**Task requirements:** As you work through the listing below, copy each line exactly and drop the images.

**Data segment:**
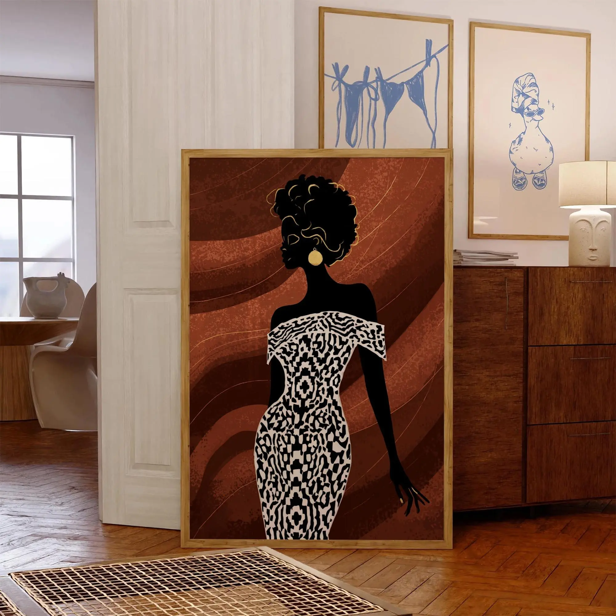 African American Black Women Artwork, Black Woman Portrait, Modern Afrocentric Prints, Graceful Abstract, Fashion Glamour Chic Illustration
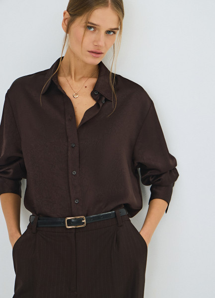 Блузка из жатого сатина, Коричневый
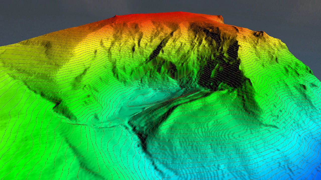 Con una ecosonda de 250 gramos, una barca hinchable y los datos LiDAR ya disponibles se pueden generar estos modelos 3D en alta resolución

**Written answer:**
 African American Black Women Artwork, Black Woman Portrait, Modern Afrocentric Prints, Graceful Abstract, Fashion Glamour Chic Illustration
 Блузка из жатого сатина, Коричневый
 Con una ecosonda de 250 gramos, una barca hinchable y los datos LiDAR ya disponibles se pueden generar estos modelos 3D en alta resolución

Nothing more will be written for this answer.